Fernando Arruda is a sound designer, engineer and composer for Reveal. As a multi-instrumentalist, he contributes to the original music, editing and mixing of the weekly public radio show and podcast. He has held four O-1 visas for individuals with extraordinary abilities. His work has been recognized with Peabody, duPont-Columbia, Edward R. Murrow, Gerald Loeb, Third Coast and Association of Music Producers awards, as well as Emmy and Pulitzer nominations. Prior to joining Reveal, Arruda toured as an international DJ and taught music technology at Dubspot and ESRA International Film School. He worked at Antfood, a creative audio studio for media and TV ads, and co-founded a film-scoring boutique called the Manhattan Composers Collective.

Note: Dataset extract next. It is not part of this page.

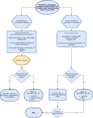 Offer chest X-ray by 12 weeks after acute COVID-19 if the person has not already had one and they have continuing respiratory symptoms. Chest X-ray appearances alone should not determine the need for referral for further care. Be aware that a plain chest X-ray may not be sufficient to rule out lung disease.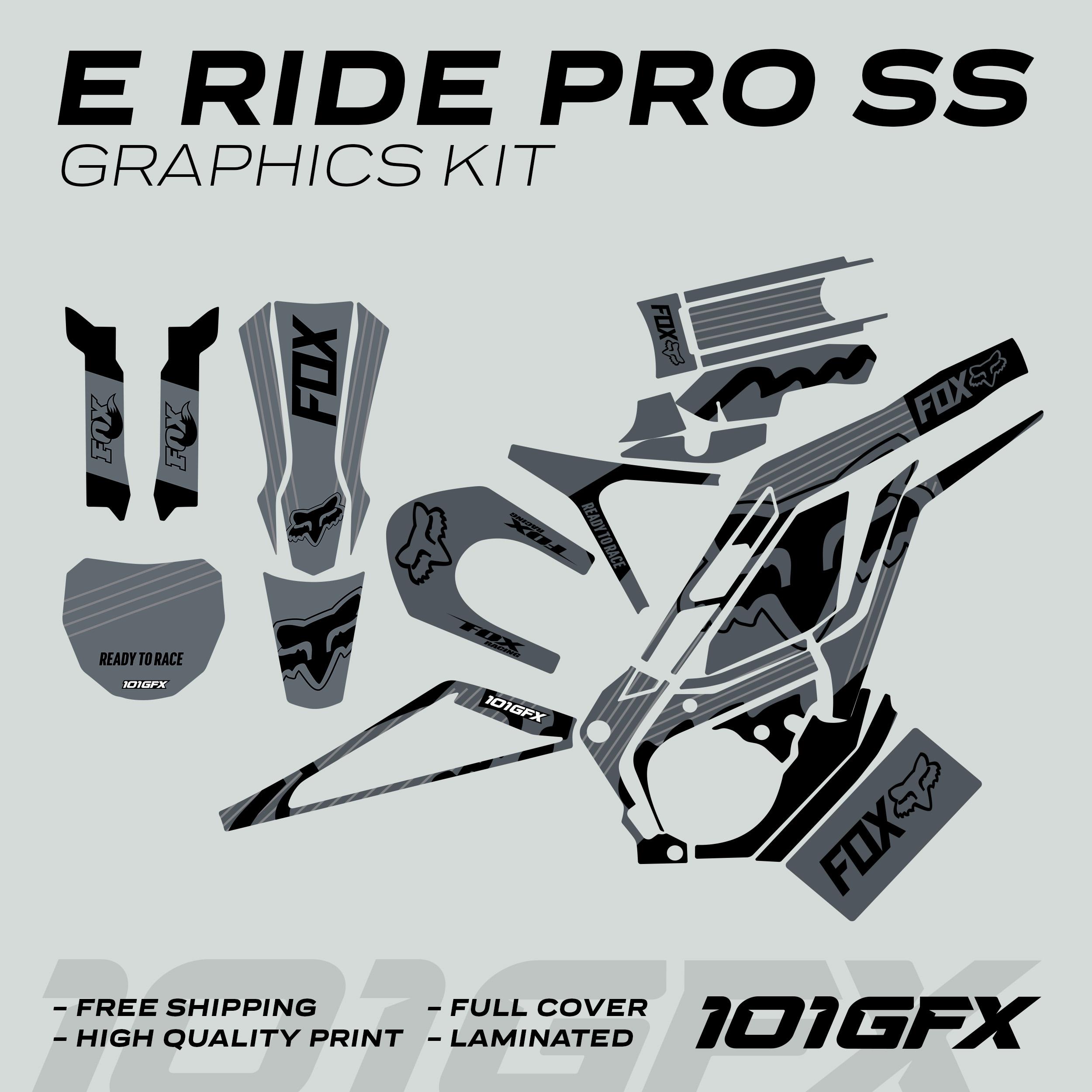 E Ride Pro SS Kit grafico FOX R Stripes Grigio Nero Decalcomanie Ad...

He worked with clients such as Marvel, MasterClass and Samsung and ad agencies such as Framestore, Trollbäck+Company, BUCK and Vice. Arruda releases experimental music under the alias FJAZZ and has performed with many jazz, classical and pop ensembles, such as SFJAZZ Monday Night Band, Art&Sax quartet, Krychek, Dark Inc. and the New York Arabic Orchestra. His credits in the podcast and radio world include NPR’s “51 Percent,” WNYC’s “Bad Feminist Happy Hour” and its live broadcast of Orson Welles’ “The Hitchhiker,” Wondery’s “Detective Trapp,” MSNBC’s “Why Is This Happening?” and NBC’s “Born to Rule,” to name a few. Arruda also has a wide catalog of composed music for theatrical, orchestral and chamber music formats, some of which has premiered worldwide. He holds a master’s degree in film scoring and composition from NYU Steinhardt. The original music he makes with Jim Briggs for Reveal can be found on Bandcamp.

Laura Starecheski is a former senior radio editor for Reveal. Their radio work at Reveal has won a national Edward R. Murrow, a duPont-Columbia, and a Peabody, among other awards. Previously, they reported on health for NPR’s science desk and traveled the United States with host Al Letson for the Peabody Award-winning show “State of the Re:Union.” Their Radiolab story “Goat on a Cow” won a silver award for best documentary from the Third Coast/Richard H. Driehaus Foundation, and SOTRU's “The Hospital Always Wins” won a national Murrow Award. They have been a Rosalynn Carter fellow for mental health journalism and a Knight-Wallace fellow at the University of Michigan. Starecheski is based in Philadelphia.